──────── GIVEN INFORMATION ────────

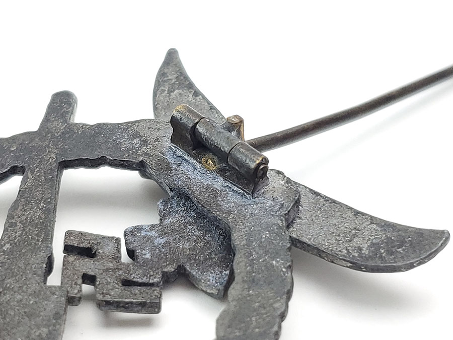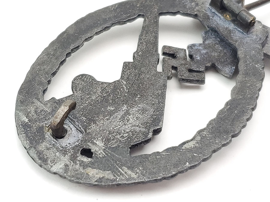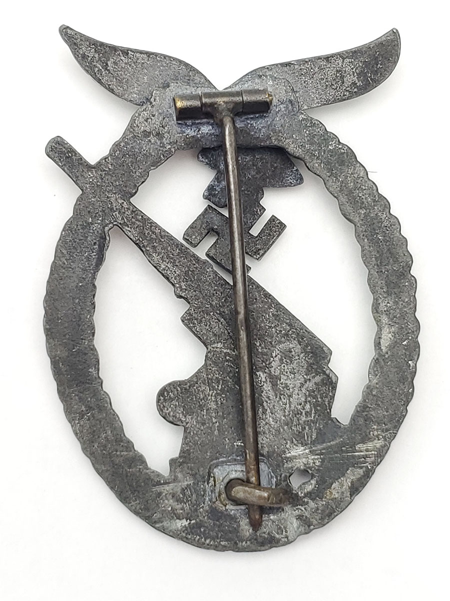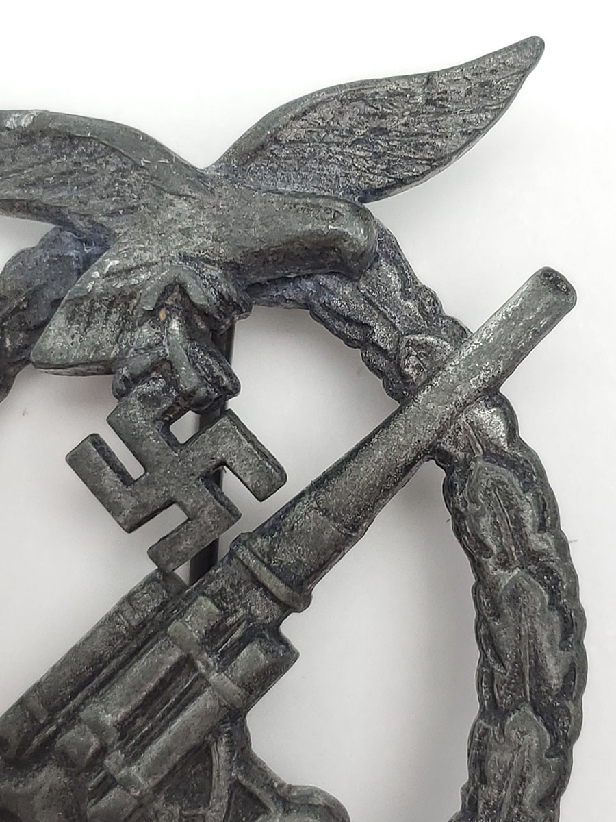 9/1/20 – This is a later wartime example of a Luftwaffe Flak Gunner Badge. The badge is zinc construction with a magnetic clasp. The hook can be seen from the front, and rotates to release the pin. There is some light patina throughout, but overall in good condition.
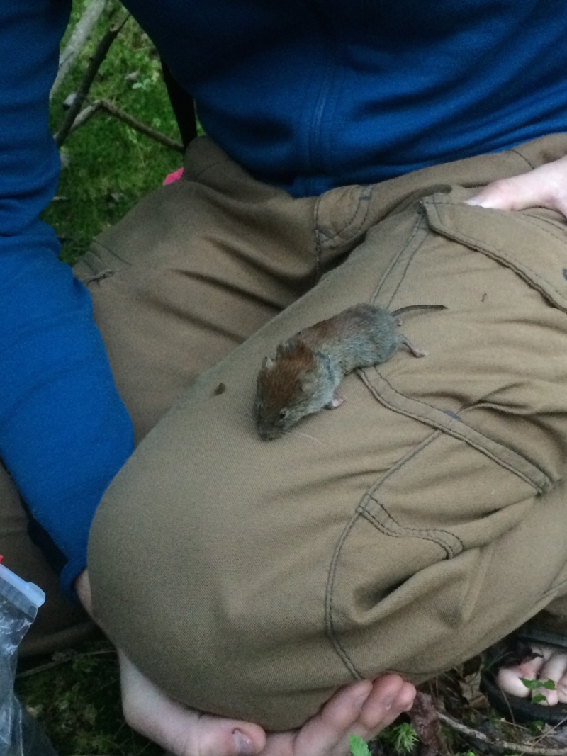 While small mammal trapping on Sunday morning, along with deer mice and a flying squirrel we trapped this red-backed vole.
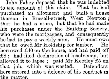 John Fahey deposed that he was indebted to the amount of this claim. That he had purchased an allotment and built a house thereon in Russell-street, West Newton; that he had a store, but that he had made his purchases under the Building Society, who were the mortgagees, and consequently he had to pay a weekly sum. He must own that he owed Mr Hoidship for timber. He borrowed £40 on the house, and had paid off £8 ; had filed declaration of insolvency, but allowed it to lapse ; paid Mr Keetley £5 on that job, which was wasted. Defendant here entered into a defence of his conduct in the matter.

────────

EXERCISE: Word-for-word restatement: every line from the one with "While small mammal" through the final line of the data, both ends included, pictures excluded.

COMPLETED EXERCISE:
 While small mammal trapping on Sunday morning, along with deer mice and a flying squirrel we trapped this red-backed vole.
 John Fahey deposed that he was indebted to the amount of this claim. That he had purchased an allotment and built a house thereon in Russell-street, West Newton; that he had a store, but that he had made his purchases under the Building Society, who were the mortgagees, and consequently he had to pay a weekly sum. He must own that he owed Mr Hoidship for timber. He borrowed £40 on the house, and had paid off £8 ; had filed declaration of insolvency, but allowed it to lapse ; paid Mr Keetley £5 on that job, which was wasted. Defendant here entered into a defence of his conduct in the matter.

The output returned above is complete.